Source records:
===

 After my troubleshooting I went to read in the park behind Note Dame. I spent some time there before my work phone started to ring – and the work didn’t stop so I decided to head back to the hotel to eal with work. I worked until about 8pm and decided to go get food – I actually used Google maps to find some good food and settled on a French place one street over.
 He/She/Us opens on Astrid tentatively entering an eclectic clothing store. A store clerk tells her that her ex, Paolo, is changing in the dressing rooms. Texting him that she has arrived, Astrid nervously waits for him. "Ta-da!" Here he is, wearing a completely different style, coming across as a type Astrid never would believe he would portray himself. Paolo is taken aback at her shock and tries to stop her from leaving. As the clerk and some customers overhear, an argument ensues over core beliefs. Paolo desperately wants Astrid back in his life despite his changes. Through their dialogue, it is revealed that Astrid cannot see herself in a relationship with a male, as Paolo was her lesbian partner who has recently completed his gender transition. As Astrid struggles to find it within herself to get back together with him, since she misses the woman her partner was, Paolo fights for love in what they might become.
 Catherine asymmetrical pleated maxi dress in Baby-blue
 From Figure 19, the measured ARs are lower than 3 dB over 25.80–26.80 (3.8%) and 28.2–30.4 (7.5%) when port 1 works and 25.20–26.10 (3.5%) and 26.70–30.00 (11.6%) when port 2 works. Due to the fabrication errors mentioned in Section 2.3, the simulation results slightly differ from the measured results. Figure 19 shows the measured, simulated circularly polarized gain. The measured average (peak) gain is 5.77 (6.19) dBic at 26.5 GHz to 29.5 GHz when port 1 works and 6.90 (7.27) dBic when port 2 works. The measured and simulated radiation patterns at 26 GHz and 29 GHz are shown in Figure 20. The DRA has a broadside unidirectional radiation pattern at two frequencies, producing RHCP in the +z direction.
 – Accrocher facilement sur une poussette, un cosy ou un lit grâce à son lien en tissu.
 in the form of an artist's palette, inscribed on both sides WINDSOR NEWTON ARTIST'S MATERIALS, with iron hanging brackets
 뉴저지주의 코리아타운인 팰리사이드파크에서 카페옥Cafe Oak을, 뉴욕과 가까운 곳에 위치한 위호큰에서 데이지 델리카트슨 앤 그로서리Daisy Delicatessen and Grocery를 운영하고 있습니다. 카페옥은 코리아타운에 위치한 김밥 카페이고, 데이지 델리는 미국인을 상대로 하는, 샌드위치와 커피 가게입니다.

===

→ **PROBLEM**
Extract every line from the records above that contains the word "stop".

→ **RESPONSE AREA**
 After my troubleshooting I went to read in the park behind Note Dame. I spent some time there before my work phone started to ring – and the work didn’t stop so I decided to head back to the hotel to eal with work. I worked until about 8pm and decided to go get food – I actually used Google maps to find some good food and settled on a French place one street over.
 He/She/Us opens on Astrid tentatively entering an eclectic clothing store. A store clerk tells her that her ex, Paolo, is changing in the dressing rooms. Texting him that she has arrived, Astrid nervously waits for him. "Ta-da!" Here he is, wearing a completely different style, coming across as a type Astrid never would believe he would portray himself. Paolo is taken aback at her shock and tries to stop her from leaving. As the clerk and some customers overhear, an argument ensues over core beliefs. Paolo desperately wants Astrid back in his life despite his changes. Through their dialogue, it is revealed that Astrid cannot see herself in a relationship with a male, as Paolo was her lesbian partner who has recently completed his gender transition. As Astrid struggles to find it within herself to get back together with him, since she misses the woman her partner was, Paolo fights for love in what they might become.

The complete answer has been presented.